How A Stamp Collection Evolves

I was certainly at primary school,around ten years of age…in or around 1962…when I commenced collecting Stamps. It is certainly more than fifty years ago. As I recall, my father bought me my first printed album, maybe 64 pages in Woolworths in Belfast.

At the time, Woolworths had packets of stamps such as “25 France” or  “”10 Iran” for sixpence and each weeK, in Woolworths I bought a packet. My father encouraged it. Stamp Collecting was  “educational” and as the inside page of that first stamp album stated, King George VI of Britain and President F D Roosevelt had been stamp collectors. I felt I was in good company. And I imagined them buying “25 France” and “Iran” at a Woolworths counter and putting the stamps in their albums (cost two shillings from Woolworths).

That printed album was indeed educational. The capital of Peru was Lima and the unit of currency in Japan was the Yen. And good advice about Stamp Collecting itself…..use stamp “hinges”, bend them and moisten one third and attach to stamp And then moisten the remaking two thirds and attach to the album page.

Soon! I graduated to a larger printed album and all my stamps re-housed in it. Sadly the first album was thrown out…a pity because in 2013, it would be a nice heirloom. And indeed the larger printed album was eventually thrown out to be replaced by my first “loose leaf” album (a Selby Medium in blue). I would later add another (red) Selby which I still have.

Stamps were still bought in Woolworths. The majority of stamps were Space and Sport from the old Communist bloc, stamps from places that probably did not exist (Nagaland!!!) and stamps issued by impoverished nations for export to the Collectors World, rather than issued for genuine postal purposes (I still have three diamond-shaped stamps from Haiti).

I was eighteen in 1970 and I purchased a black Senator Medium album and started to specialise in Irish stamps. I am of course Irish but there was also the advantage that Ireland had only started issuing stamps in 1922 and maintained (at that stage) a fairly conservative stamp issuing policy.

Thru the 1970s I collected the World, specialising in Ireland (mint and used). But during the 1970s I became increasingly aware of the concept of “unmounted mint” and that I …and many other collectors had unwittingly de-valued our collections by using those stamp hinges on “mint” stamps. Stamp Mounts were the “new” thing.

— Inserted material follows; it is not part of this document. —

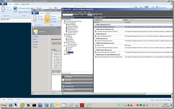 SCOM 2007 de istediğimiz kullanıcıları istediğimiz yetkileri verebiliriz. SCOM da ayrıca var olan profile lar da mevcuttur. Bu profillerin açıklamaları profiles ekranın görebilmekteyiz. Bİr account ta istenilen yetkilerde nelere view edeceği ile ilgili bir düzenleme oluşturuyorum.

I reckon that the 1970s was the decade in which I made many mistakes. I was too obsessed with “catalogue” order (Gibbons), too obsessed with neatness….for example some stamps are better left on the envelope. And probably I should never have thought First Day Covers were of any real “postal” importance. They are a distraction from Stamp Collecting….philatelic souvenirs basically.

Around this time Woolworths stopped selling stamps and I was now buying my stamps from one of Belfast’s (then) two stamp shops.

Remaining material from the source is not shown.